I can assure you that the Claims Examiner will never, ever give up in obtaining work tolerance limitations, no matter how long you have been on the OWCP periodic rolls or how old you are. Based on my many years of experience, I believe 85%, if not more, of second opinion evaluations result in either work tolerance limitations or full duty releases. It is not unusual for a second opinion examination to last no more than 15 to 30 minutes at best.
Total Disability Determinations made by SSA, Veterans Administration or the Office of Personnel Management have no bearing on the OWCP. Under the FECA, only those injured workers who have had both legs, or both arms, or hands amputated or totally blind in both eyes are considered by the OWCP to be permanently disabled. If that doesn’t apply to you, then the OWCP considers you to be Temporary Total Disabled (TTD) and that you will eventually be able to return to work. Also, pain alone is a subjective symptom and, as such, not a compensable condition.

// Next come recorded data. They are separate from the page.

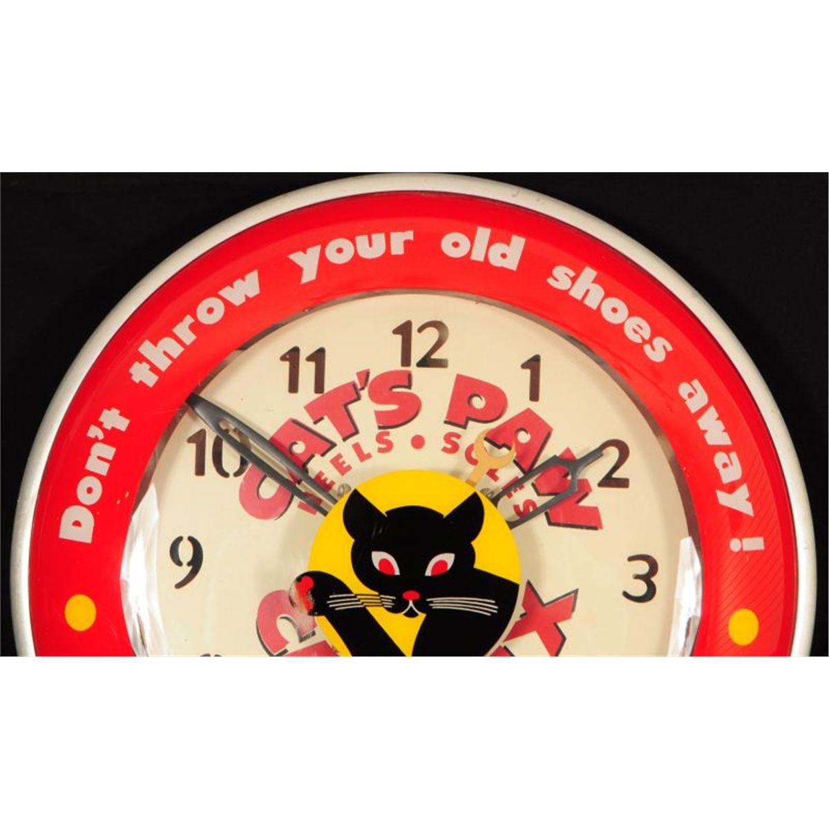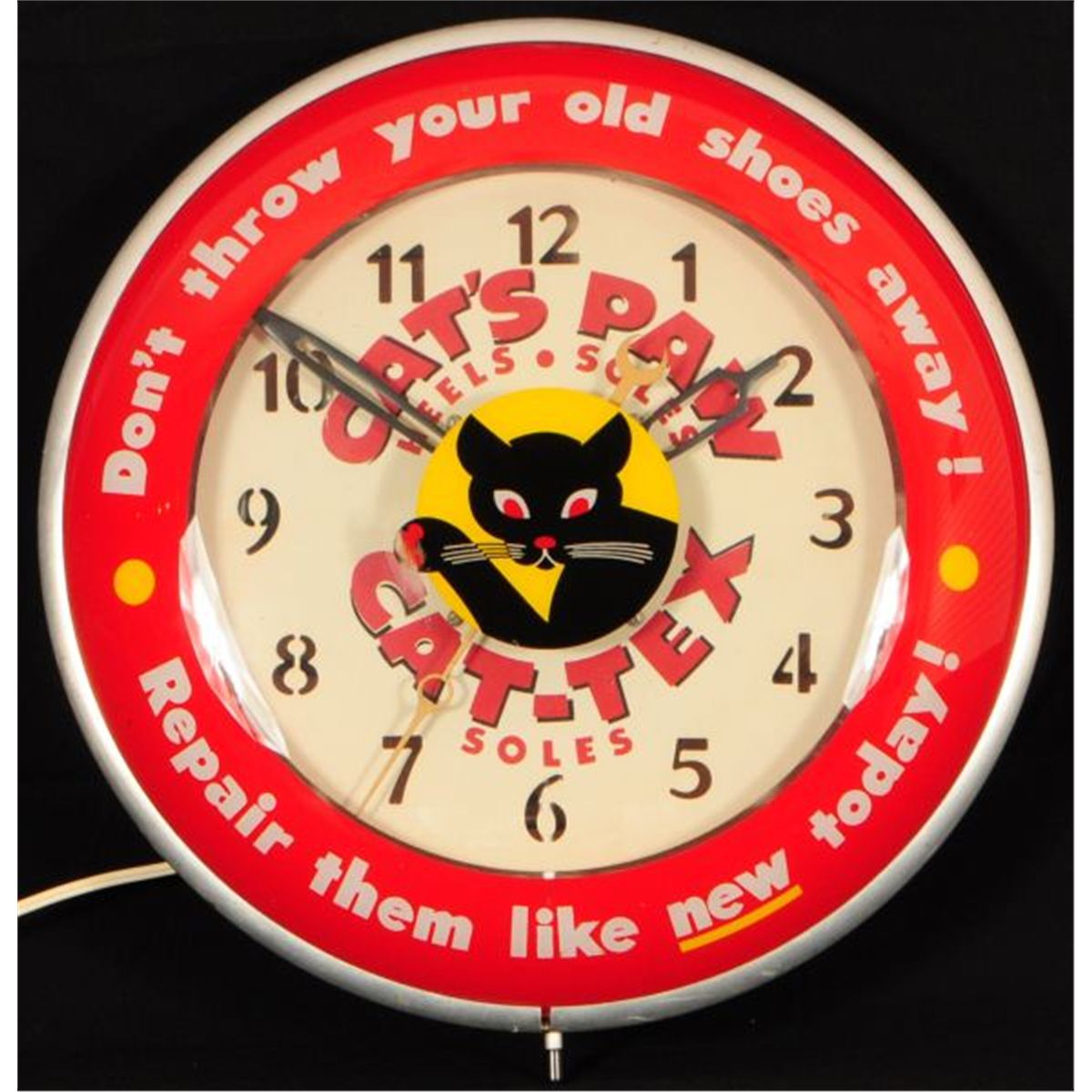 Cat's Paw Cat-Tex Soles Lighted Advertising Clock. Working Condition. Measures 15" diameter.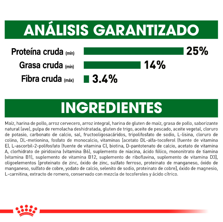 Royal Canin Mini Adult es un alimento para perros adultos de tamaño pequeño (de 1 a 10 Kg) desde los 10 meses hasta los 8 años. La L-Carnitina estimula el metabolismo de las reservas grasas. Satisface las necesidades energéticas gracias al contenido adaptado en calorías (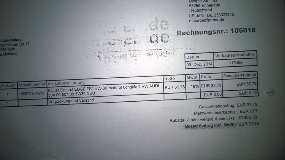 И аз вчера сложих същия Кастрол,но го взех 5л. за 60 евро.Живея в Германия.От къде го взе толкова евтино колега?За същото масло във ФВ ми искат 32 евро за 1 литър :) и значи 5 литра струват към 160 евро.
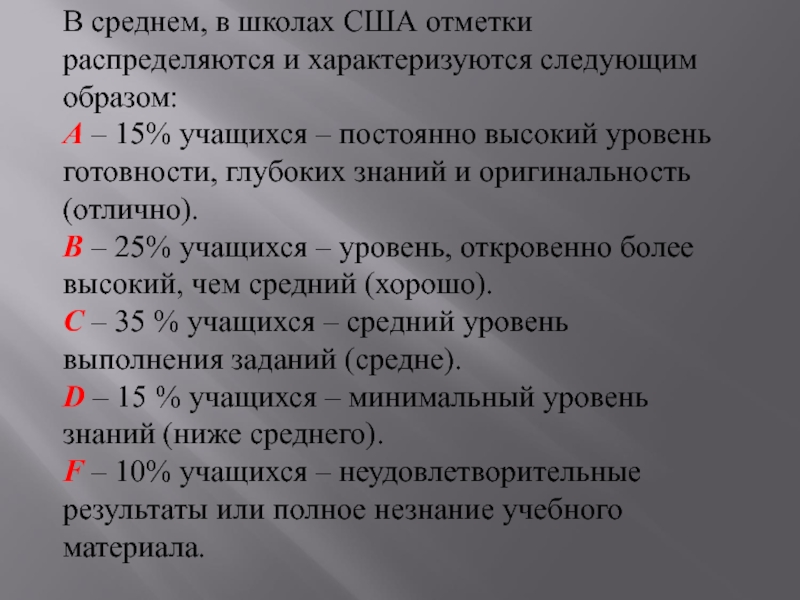 В среднем, в школах США отметки распределяются и характеризуются следующим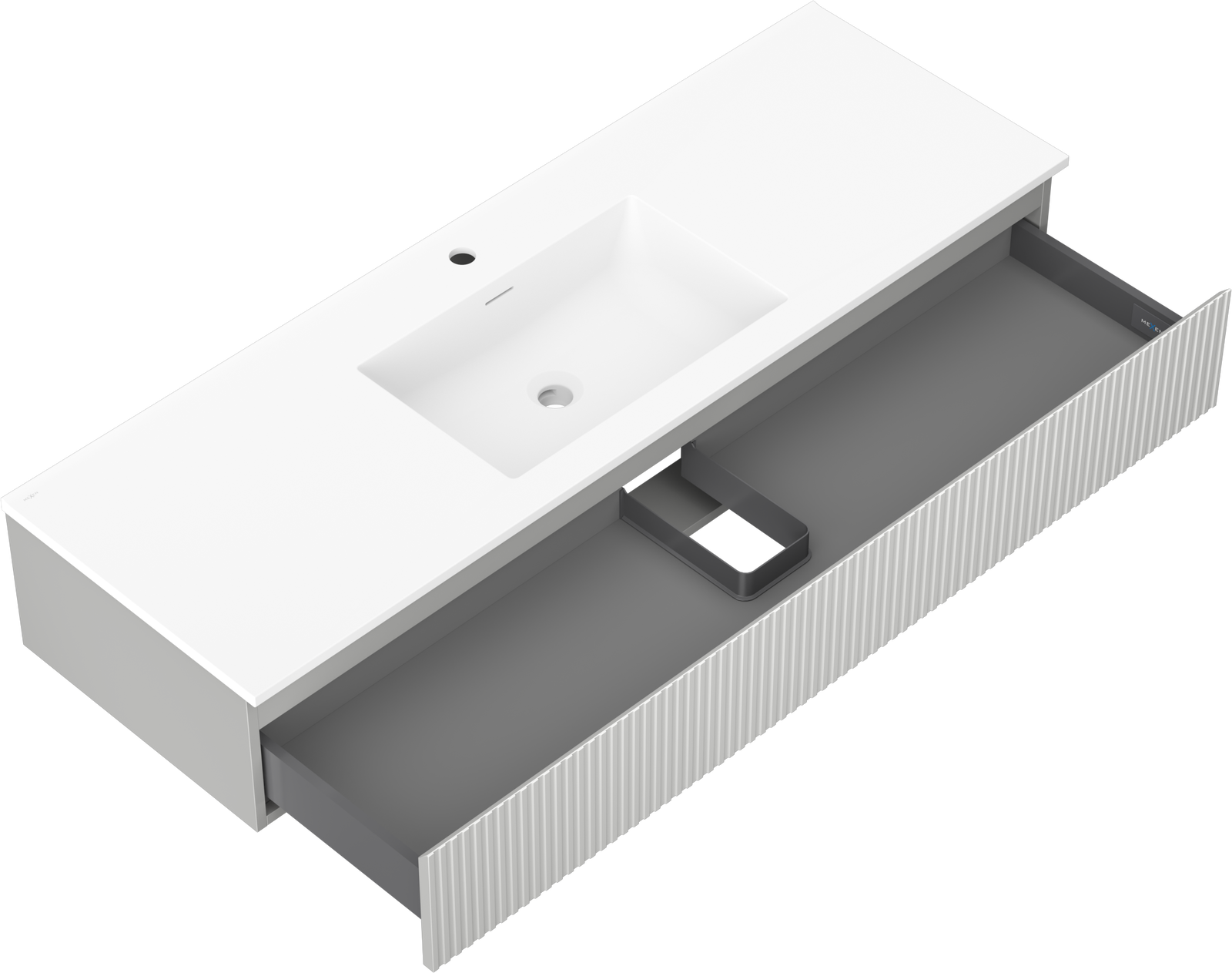 Mexen Rivel 140 cm Bathroom Cabinet with Otis Sink, 1 Drawer, Fluted, Grey Matte/White Matte - 91A20-14023-1-BF62-W18M01

Second Opinion Evaluations can be challenged if you have a competent Representative that has a firm understanding of the complexity related to due process under the FECA. You must ask yourself who would have a better understanding of the FECA and the inner workings of an OWCP District Office than a retired OWCP Journeyman Quality Case Management Claims Examiner who can competently represent me and ensure that all parties concerned are not taking shortcuts to circumvent my due process rights under the FECA.
Please note that the information provided above can be verified and found in the FECA Procedure Manual.